The main flu variant in Australia this year was called H3N2, which past research suggests causes more severe illness than typical seasonal flu. This strain was linked with a somewhat higher flu hospitalisation rate in the UK six years ago.

Fortunately, the flu vaccine developed for the northern hemisphere contains the H3N2 virus, in an inactivated form.

The Australian flu season this year not only saw a higher peak of cases than average, but these also happened earlier in its winter, surging in May and June rather than July and August.

For this reason, it is important that anyone in the northern hemisphere who is eligible gets vaccinated against flu as soon as they can, says the UKHSA. “You should book in as soon as possible,” Steve Russell, National Health Service England director for vaccinations and screening, said in a statement.

Covid-19 also hasn’t gone away.

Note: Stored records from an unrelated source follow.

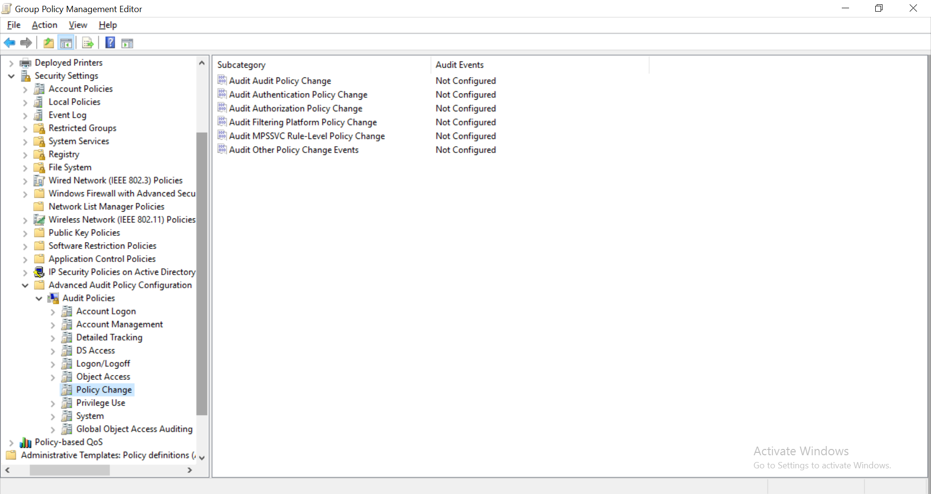 • In the group policy editor, navigate to Computer Configuration > Windows Settings > Security Settings > Advanced Audit Policy Configuration.
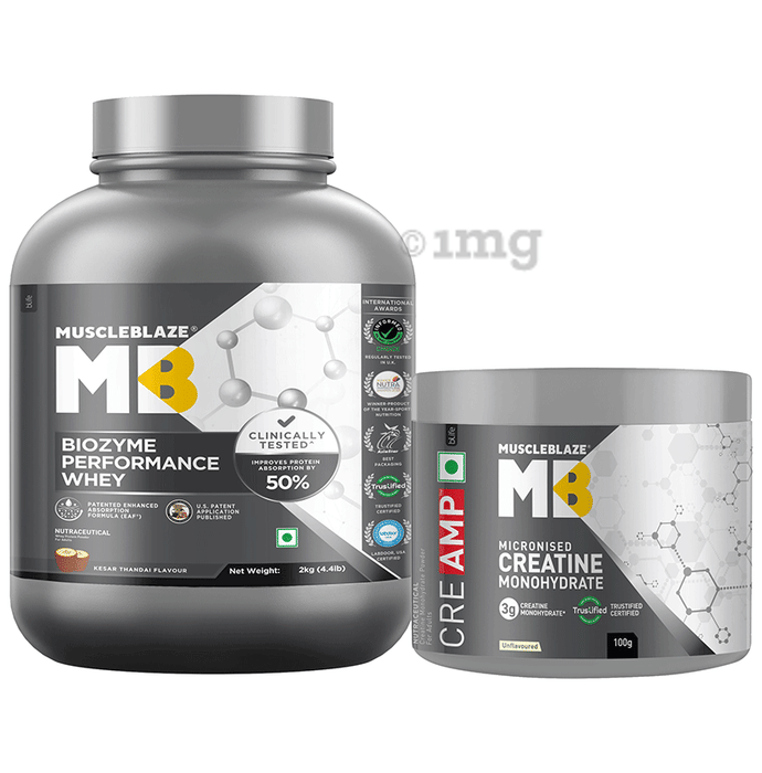 MuscleBlaze Combo Pack of Biozyme Performance Whey Protein Powder Kesar Thandai (2kg) & Creatine Monohydrate Unflavoured (100gm)
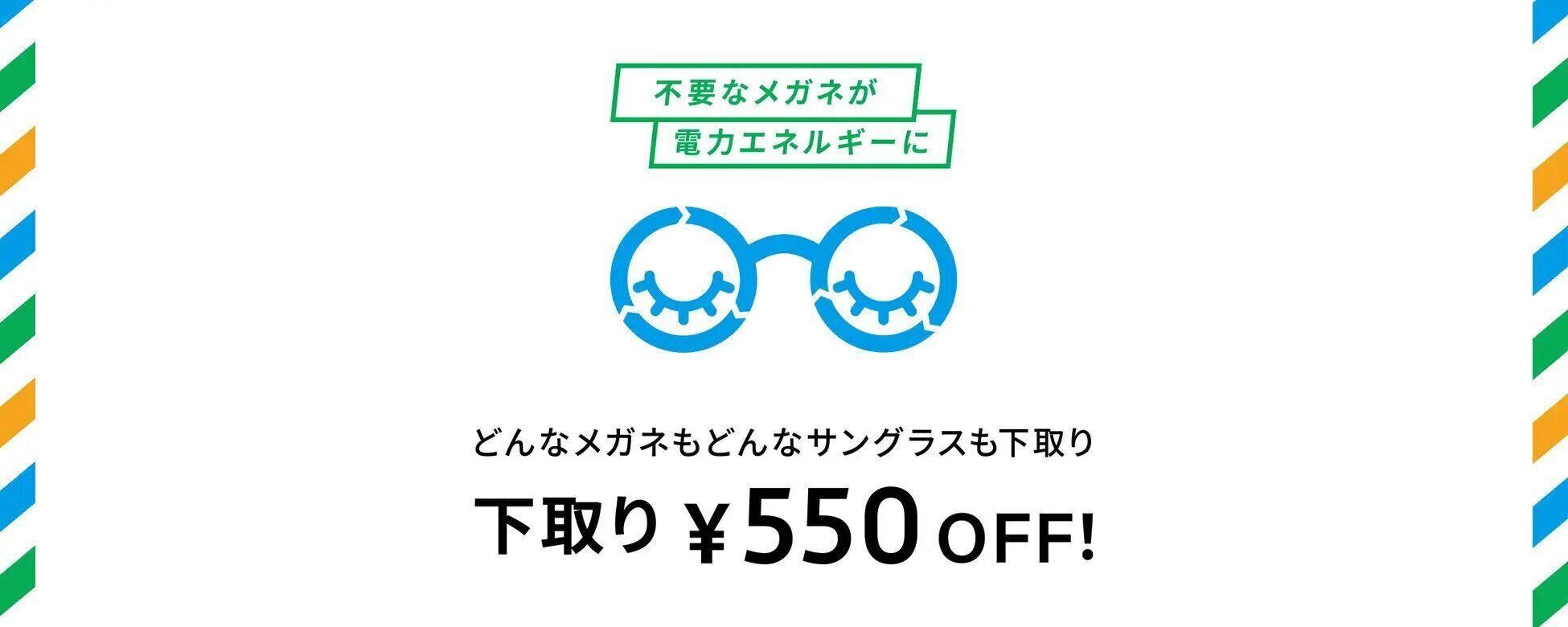 キャンペーン期間中に、¥3,300以上のメガネ(パッケージ商品含む)やサングラスを購入の際、不要になったメガネやサングラスをお持ちいただくと、会計から¥550値引きされます。
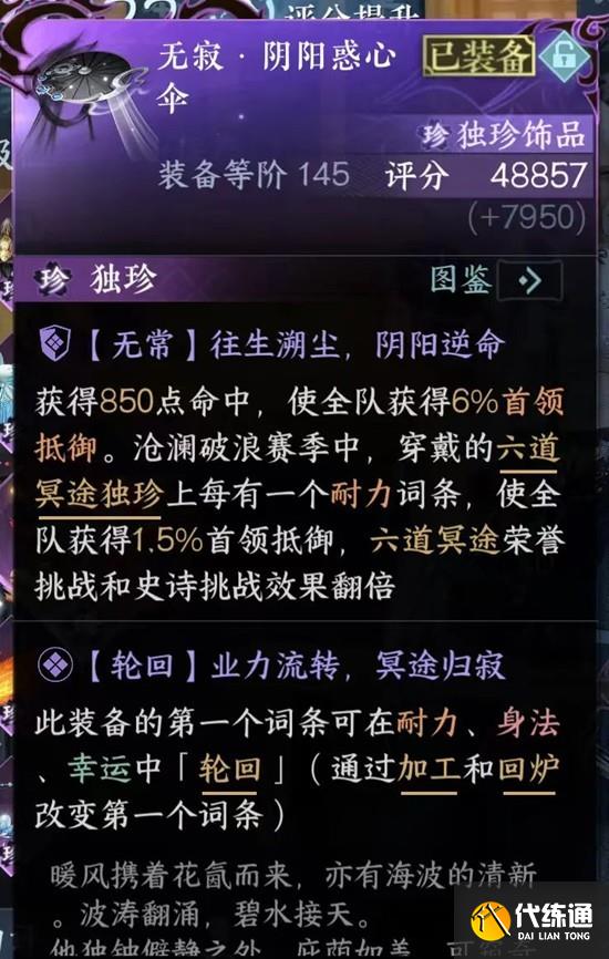 装备推荐,核心装备是老五伞,其他团本独珍只有老四羽毛、老六衣服、老六项链,包括老五伞在内,最多可以有4个可以加工耐力词条的团本独珍,合计6%首领抵御(荣誉/史诗战斗中翻倍),七独珍与否只增加输出,可以不带戒指(七个独珍以上即可激活“定海”)

The latest figures from hospitals and the Office for National Statistics show that cases are starting to rise again in the UK.

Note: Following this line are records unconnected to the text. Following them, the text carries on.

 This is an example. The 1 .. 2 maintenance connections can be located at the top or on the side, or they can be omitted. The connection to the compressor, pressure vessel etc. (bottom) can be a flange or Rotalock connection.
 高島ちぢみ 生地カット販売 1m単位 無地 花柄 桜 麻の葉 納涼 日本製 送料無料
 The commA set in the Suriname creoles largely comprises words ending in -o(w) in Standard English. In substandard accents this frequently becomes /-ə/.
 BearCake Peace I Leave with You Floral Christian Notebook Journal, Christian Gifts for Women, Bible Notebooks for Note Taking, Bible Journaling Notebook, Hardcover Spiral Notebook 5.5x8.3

“This winter could be the first time we see the effects of the so-called twindemic, with both covid and flu in full circulation,” said Russell.

The good news is that the rise in covid-19 isn’t being caused by a radically different coronavirus variant, but by several new subvariants of omicron – and the bivalent vaccine on offer in many countries contains an omicron component. In the UK, everyone eligible for a booster should be offered the bivalent version, barring supply disruptions.

The twin threat makes it all the more important that eligible groups take up their offers of covid-19 boosters and flu vaccines, says Simon Williams at Swansea University, UK.

“Public health campaigns need to provide clear and strong messages about the risks of flu as well as covid to those who are vulnerable as well as to the health system – akin to the ‘Protect the NHS’ campaign which worked so well earlier with covid,” says Williams.